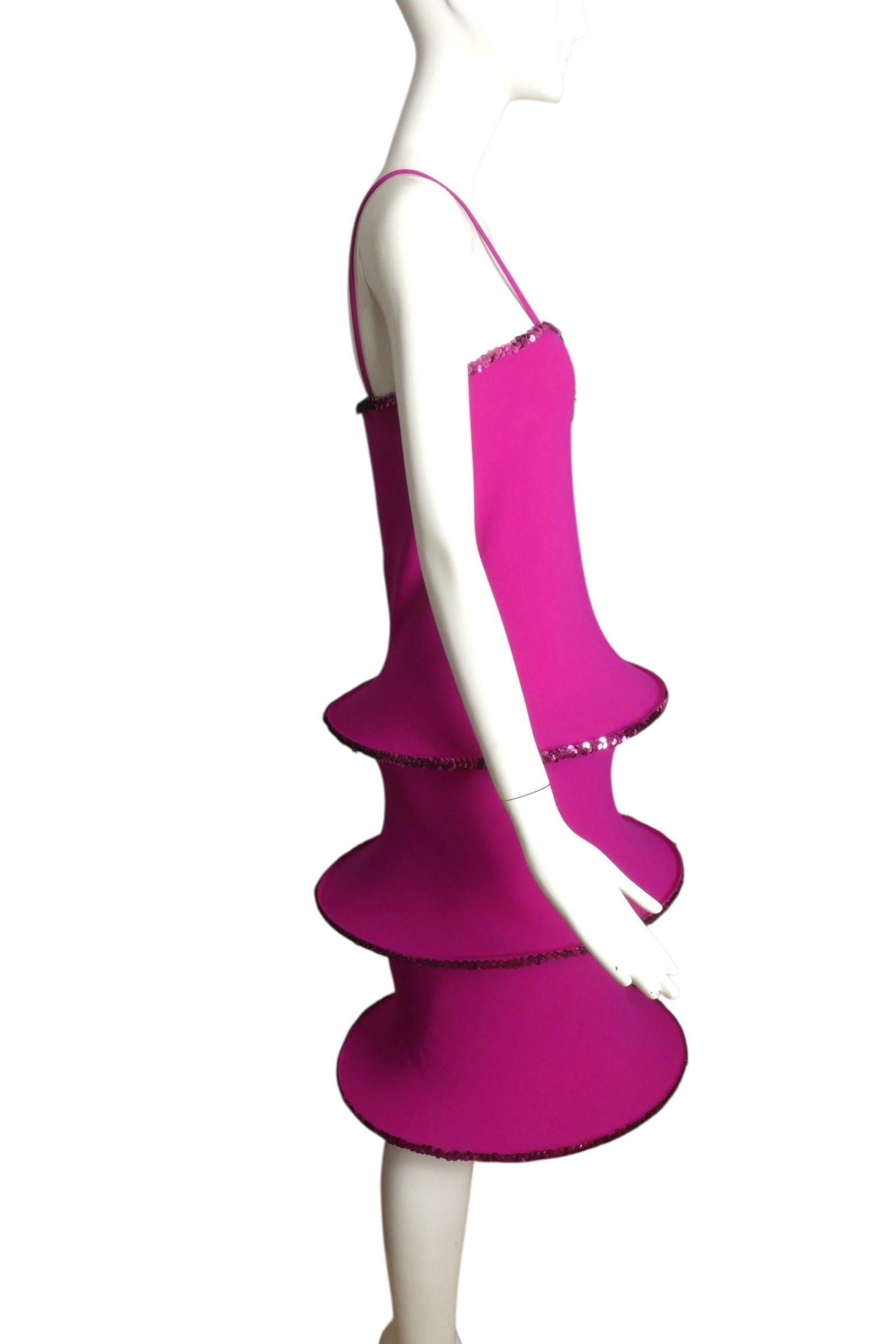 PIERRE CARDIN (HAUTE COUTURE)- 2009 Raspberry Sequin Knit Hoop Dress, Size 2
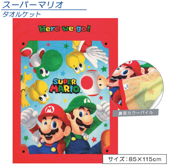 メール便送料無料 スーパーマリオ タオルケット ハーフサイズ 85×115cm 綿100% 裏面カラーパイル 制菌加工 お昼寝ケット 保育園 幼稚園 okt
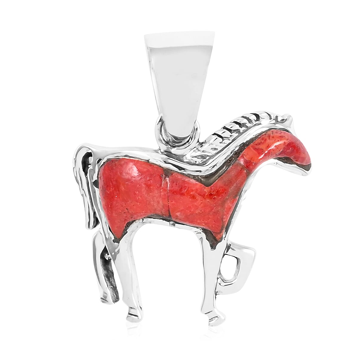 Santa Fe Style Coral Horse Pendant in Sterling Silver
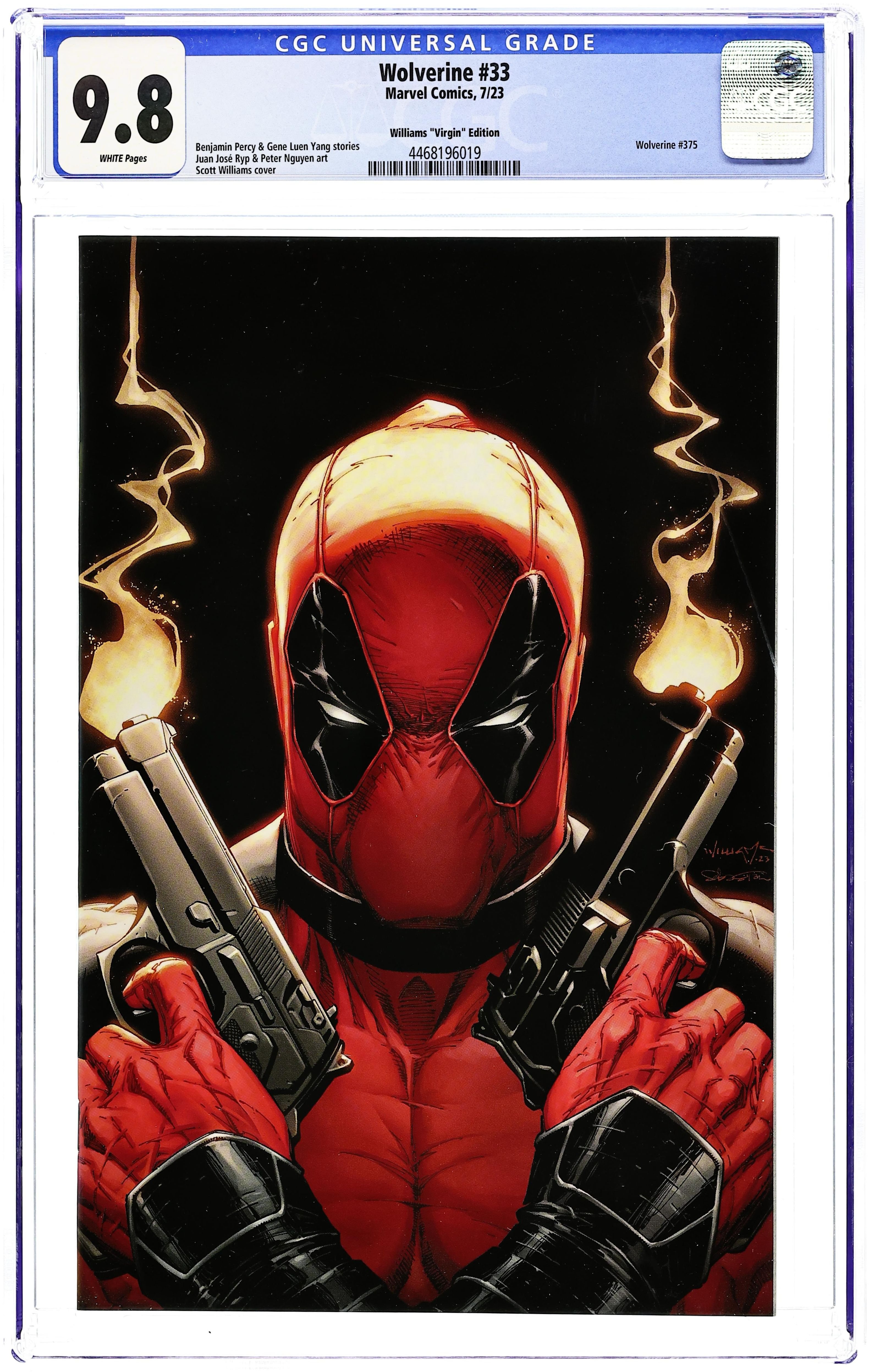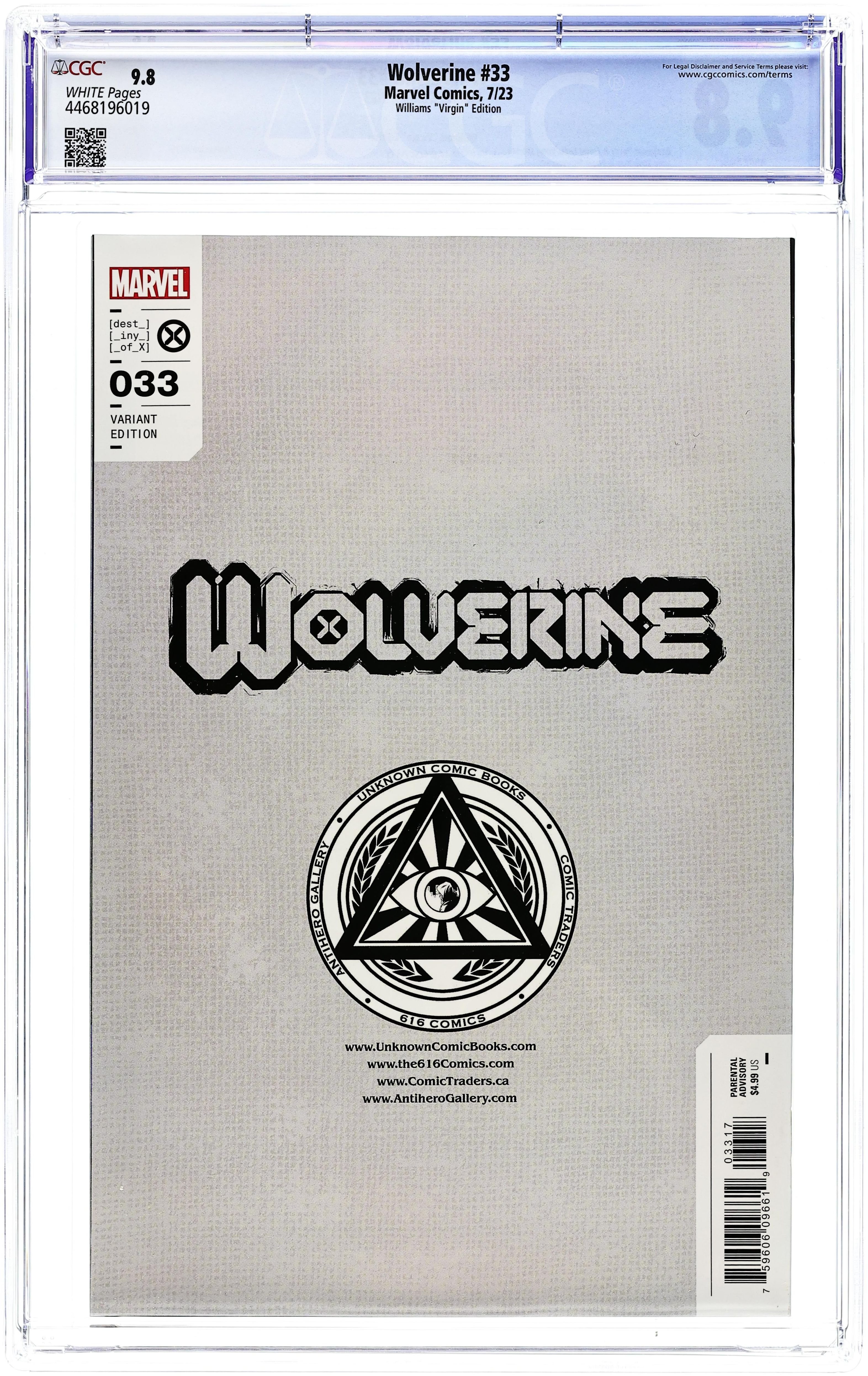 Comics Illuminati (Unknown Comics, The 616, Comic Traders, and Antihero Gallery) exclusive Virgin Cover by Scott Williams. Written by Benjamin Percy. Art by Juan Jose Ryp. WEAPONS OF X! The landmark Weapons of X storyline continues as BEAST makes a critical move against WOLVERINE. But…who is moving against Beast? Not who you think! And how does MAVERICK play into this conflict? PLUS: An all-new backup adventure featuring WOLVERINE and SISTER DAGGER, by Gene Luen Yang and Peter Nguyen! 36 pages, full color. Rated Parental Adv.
== == ==
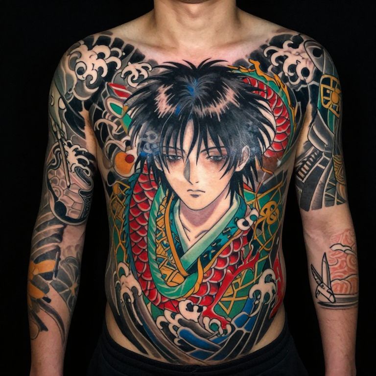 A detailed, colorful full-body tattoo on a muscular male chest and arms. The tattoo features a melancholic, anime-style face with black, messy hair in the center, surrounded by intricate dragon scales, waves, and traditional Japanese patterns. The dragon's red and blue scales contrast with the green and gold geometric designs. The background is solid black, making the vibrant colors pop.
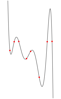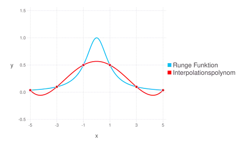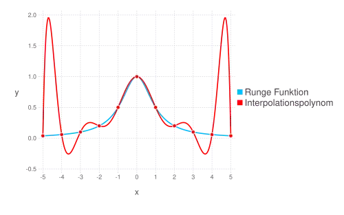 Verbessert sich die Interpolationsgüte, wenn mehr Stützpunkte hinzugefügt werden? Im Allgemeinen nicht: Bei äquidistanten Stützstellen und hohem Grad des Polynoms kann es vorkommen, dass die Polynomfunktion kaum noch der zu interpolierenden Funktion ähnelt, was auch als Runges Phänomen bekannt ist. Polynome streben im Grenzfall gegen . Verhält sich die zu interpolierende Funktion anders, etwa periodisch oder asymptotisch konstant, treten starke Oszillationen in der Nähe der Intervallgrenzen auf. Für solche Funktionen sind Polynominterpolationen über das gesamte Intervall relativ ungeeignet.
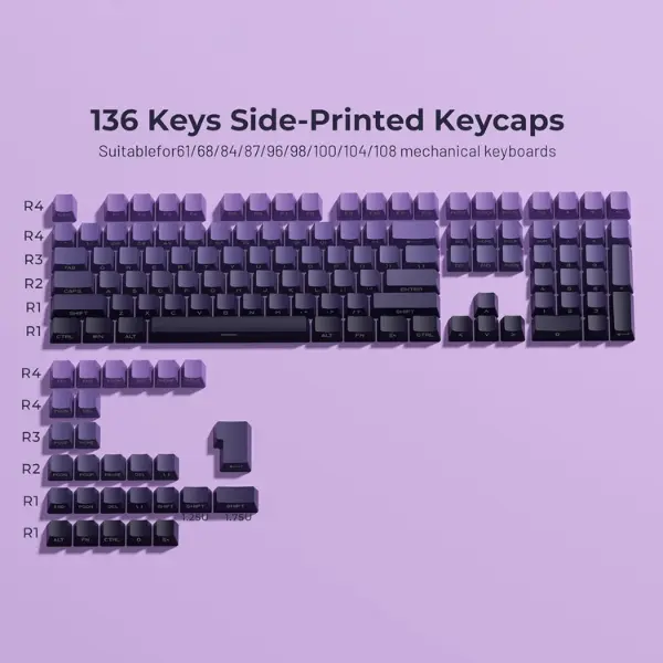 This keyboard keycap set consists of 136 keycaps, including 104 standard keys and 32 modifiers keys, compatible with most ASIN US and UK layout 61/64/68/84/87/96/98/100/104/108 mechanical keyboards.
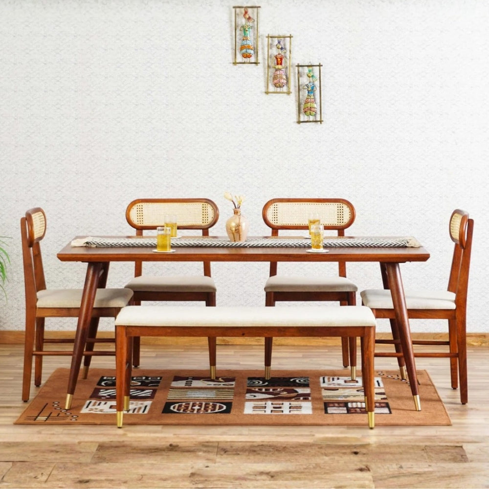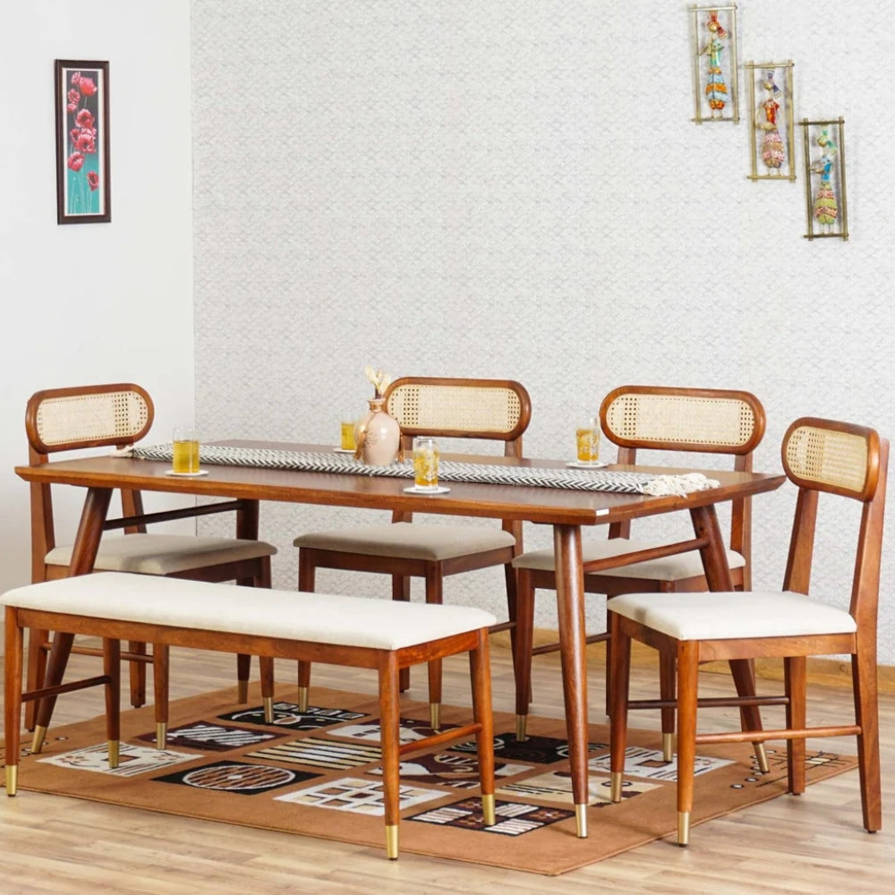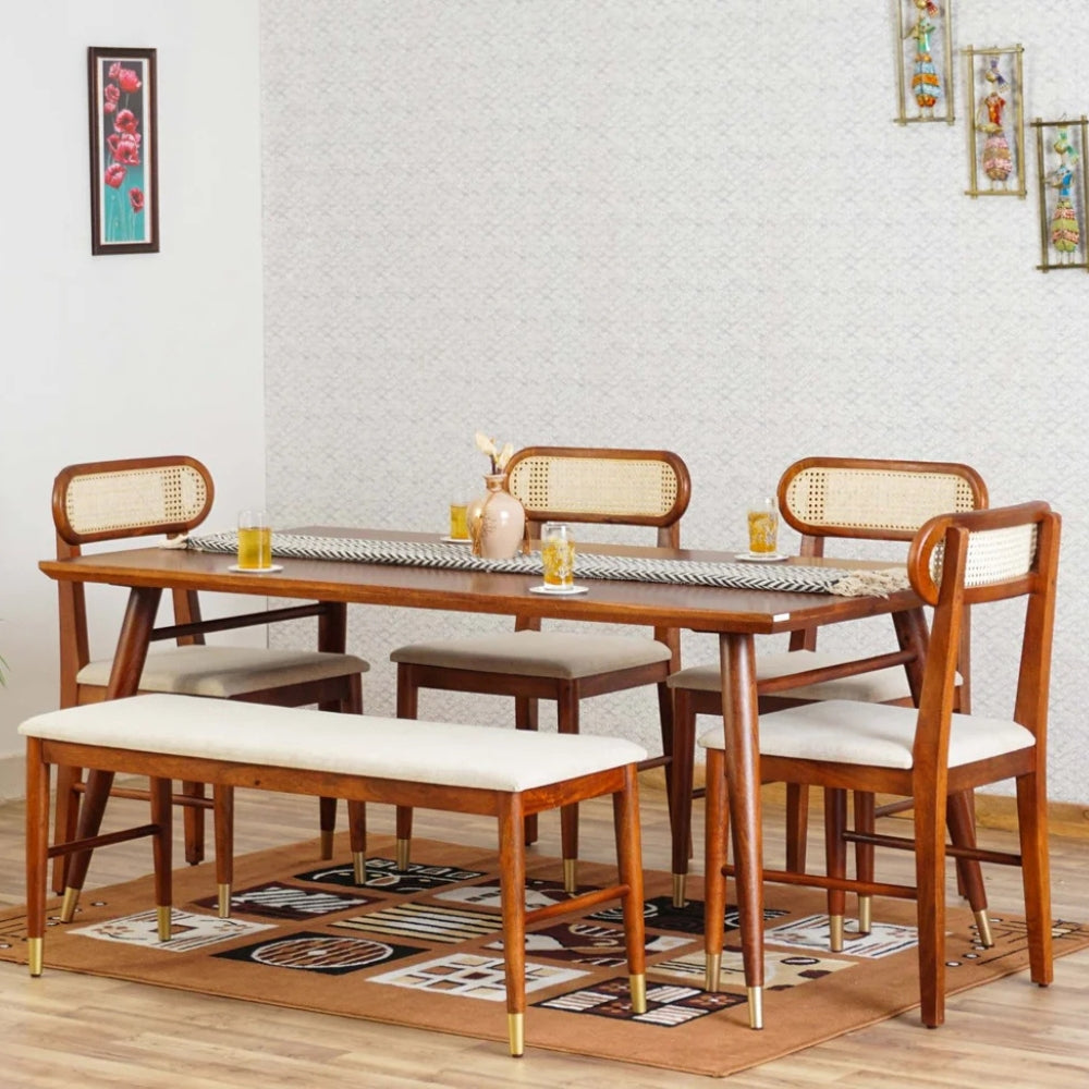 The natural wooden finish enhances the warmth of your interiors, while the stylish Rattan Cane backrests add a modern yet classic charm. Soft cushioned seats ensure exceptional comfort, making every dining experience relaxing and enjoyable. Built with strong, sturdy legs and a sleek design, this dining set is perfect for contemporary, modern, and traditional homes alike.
== == ==
WORK INSTRUCTION: I'd like the lines above repeated exactly, from the one that contains "This keyboard keycap" through the one that contains "The natural wooden", with no pictures.

PROBLEM SOLUTION:
 This keyboard keycap set consists of 136 keycaps, including 104 standard keys and 32 modifiers keys, compatible with most ASIN US and UK layout 61/64/68/84/87/96/98/100/104/108 mechanical keyboards.
 The natural wooden finish enhances the warmth of your interiors, while the stylish Rattan Cane backrests add a modern yet classic charm. Soft cushioned seats ensure exceptional comfort, making every dining experience relaxing and enjoyable. Built with strong, sturdy legs and a sleek design, this dining set is perfect for contemporary, modern, and traditional homes alike.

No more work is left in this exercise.